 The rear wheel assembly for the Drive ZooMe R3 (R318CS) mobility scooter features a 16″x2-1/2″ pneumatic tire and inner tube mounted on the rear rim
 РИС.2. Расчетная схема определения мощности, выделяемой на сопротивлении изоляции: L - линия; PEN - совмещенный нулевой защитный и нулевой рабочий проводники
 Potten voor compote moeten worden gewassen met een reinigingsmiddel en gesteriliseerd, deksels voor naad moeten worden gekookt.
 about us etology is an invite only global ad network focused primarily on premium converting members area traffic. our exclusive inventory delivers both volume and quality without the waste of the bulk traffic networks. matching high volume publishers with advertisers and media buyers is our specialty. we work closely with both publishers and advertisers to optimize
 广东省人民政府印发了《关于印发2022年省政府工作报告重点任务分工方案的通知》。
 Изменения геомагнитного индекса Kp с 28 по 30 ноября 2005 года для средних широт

* * *

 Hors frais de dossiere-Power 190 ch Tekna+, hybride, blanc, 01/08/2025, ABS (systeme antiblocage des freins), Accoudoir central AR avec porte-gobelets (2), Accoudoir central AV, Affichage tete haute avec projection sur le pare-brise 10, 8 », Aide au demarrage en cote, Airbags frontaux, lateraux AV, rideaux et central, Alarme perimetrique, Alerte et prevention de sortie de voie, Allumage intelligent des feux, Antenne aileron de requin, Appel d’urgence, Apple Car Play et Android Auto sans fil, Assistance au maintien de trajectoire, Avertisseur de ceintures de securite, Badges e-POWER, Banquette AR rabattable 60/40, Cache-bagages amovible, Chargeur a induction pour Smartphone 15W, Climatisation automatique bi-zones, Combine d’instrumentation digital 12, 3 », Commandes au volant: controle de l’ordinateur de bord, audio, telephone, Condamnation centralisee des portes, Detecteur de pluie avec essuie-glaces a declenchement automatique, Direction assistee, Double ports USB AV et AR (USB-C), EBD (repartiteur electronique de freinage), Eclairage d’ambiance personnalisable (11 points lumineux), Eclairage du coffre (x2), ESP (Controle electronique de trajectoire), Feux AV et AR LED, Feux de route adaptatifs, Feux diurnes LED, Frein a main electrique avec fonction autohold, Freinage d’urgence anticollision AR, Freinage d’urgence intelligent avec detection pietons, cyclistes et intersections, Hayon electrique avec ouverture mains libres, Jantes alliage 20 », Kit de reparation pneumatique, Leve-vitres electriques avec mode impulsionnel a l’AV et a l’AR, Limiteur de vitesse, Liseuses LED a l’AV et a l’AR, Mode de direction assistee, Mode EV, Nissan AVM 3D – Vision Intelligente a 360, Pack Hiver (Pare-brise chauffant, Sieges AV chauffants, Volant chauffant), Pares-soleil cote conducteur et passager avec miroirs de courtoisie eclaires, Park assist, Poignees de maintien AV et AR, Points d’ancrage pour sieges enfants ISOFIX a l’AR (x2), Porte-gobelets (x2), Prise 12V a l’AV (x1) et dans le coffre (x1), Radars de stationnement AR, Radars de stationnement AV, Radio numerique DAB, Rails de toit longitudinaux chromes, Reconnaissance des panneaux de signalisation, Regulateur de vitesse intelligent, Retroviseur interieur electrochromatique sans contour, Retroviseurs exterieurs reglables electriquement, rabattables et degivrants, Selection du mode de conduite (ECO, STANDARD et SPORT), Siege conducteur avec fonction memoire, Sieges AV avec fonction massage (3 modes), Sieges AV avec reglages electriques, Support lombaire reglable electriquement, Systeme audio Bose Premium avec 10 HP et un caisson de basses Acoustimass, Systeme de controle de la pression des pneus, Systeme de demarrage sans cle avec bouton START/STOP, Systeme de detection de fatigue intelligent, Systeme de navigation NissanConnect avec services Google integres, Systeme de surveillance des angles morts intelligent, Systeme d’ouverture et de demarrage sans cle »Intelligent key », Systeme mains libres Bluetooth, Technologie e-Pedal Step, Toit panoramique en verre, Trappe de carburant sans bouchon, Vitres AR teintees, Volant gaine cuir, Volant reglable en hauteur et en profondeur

--

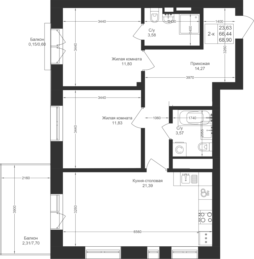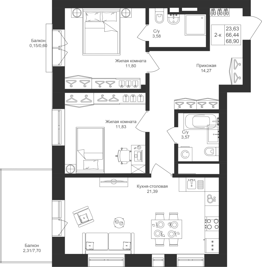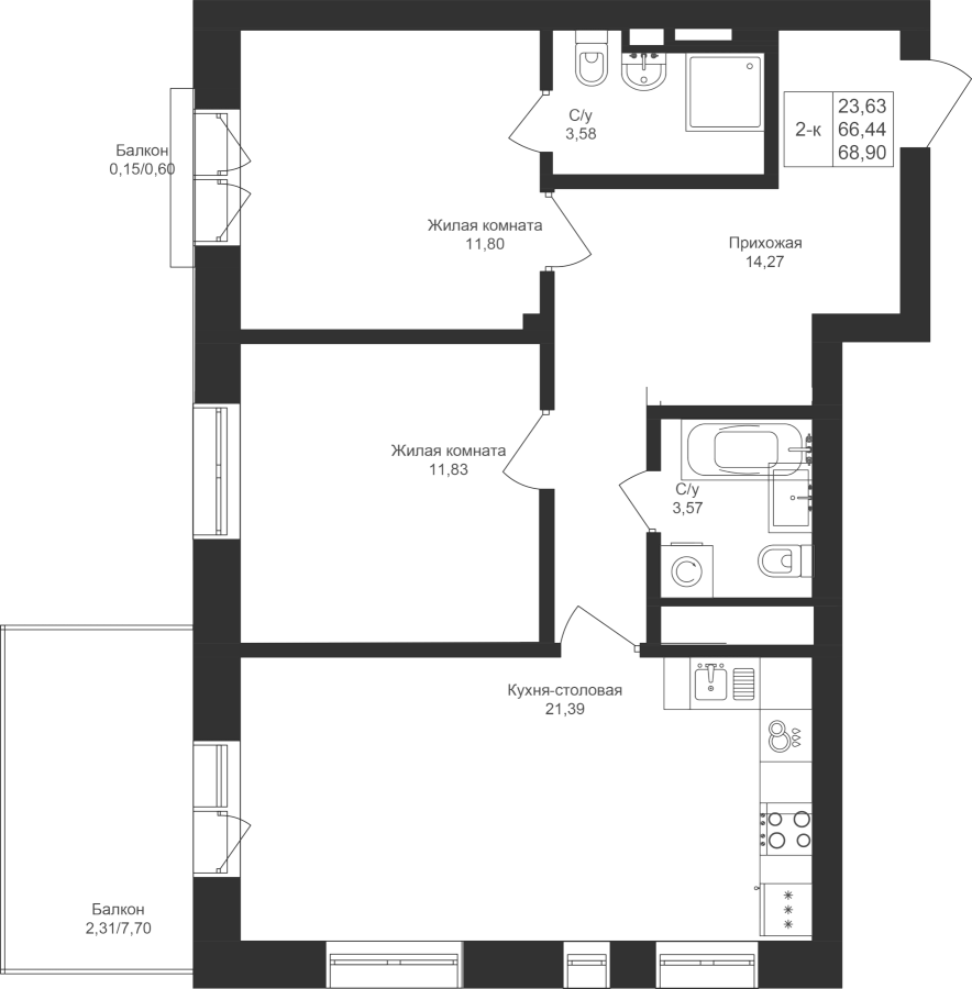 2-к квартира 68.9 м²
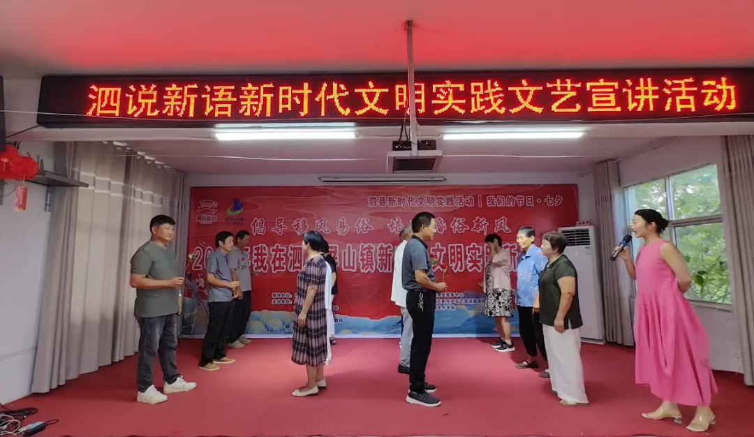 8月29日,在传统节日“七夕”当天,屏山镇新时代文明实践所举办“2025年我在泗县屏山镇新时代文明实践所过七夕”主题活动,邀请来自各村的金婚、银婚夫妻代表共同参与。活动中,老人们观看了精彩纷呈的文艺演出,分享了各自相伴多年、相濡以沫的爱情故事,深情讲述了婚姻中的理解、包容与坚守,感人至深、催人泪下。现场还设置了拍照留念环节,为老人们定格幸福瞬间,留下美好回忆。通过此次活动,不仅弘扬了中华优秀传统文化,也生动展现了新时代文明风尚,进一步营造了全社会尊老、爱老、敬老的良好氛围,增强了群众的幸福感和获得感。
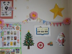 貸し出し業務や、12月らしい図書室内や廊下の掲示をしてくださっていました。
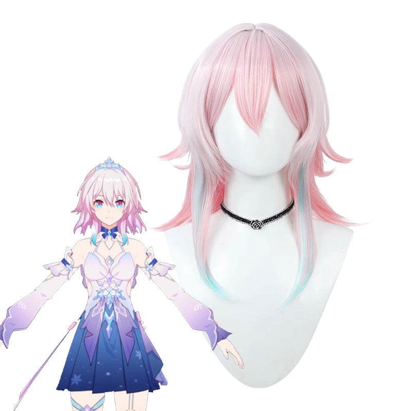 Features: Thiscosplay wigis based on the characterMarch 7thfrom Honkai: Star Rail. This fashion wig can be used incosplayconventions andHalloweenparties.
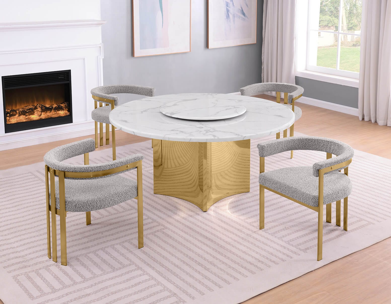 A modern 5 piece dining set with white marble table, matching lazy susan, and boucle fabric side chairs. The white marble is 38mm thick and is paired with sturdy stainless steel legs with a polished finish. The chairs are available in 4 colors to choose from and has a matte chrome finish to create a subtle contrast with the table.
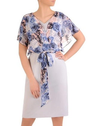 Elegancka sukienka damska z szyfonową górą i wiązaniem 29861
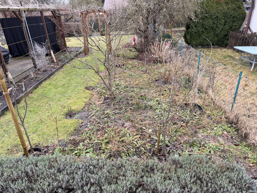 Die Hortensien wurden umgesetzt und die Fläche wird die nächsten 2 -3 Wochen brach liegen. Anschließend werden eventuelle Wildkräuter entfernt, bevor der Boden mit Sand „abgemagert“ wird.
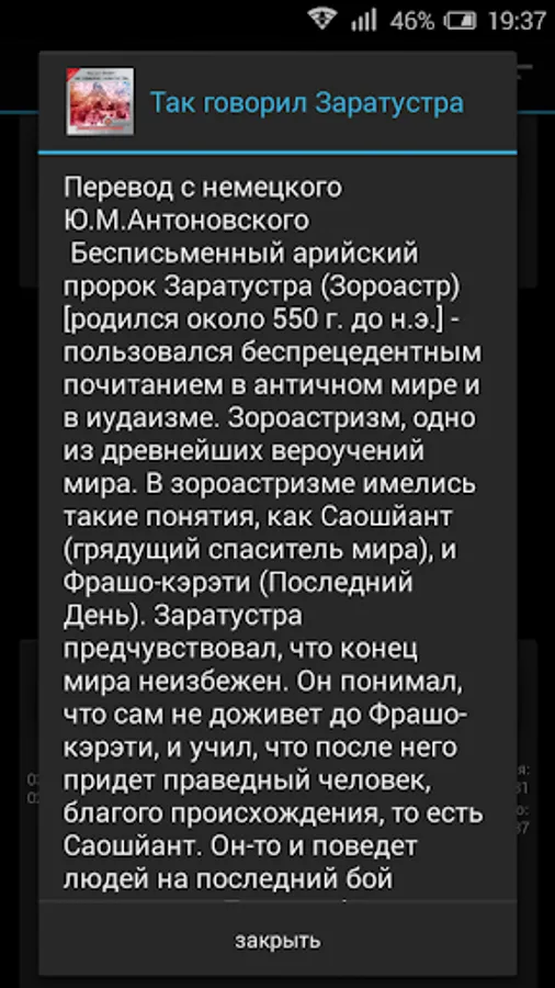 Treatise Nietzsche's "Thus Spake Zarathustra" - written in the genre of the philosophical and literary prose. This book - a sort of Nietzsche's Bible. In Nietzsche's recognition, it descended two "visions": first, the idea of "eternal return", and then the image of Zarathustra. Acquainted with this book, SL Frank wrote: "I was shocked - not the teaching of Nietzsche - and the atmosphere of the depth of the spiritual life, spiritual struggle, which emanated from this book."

* Assignment:
Precisely the lines between those holding "РИС.2. Расчетная схема" and "Potten voor compote", inclusive, are to be reproduced from the listing above, with nothing added.

* Answer section:
 РИС.2. Расчетная схема определения мощности, выделяемой на сопротивлении изоляции: L - линия; PEN - совмещенный нулевой защитный и нулевой рабочий проводники
 Potten voor compote moeten worden gewassen met een reinigingsmiddel en gesteriliseerd, deksels voor naad moeten worden gekookt.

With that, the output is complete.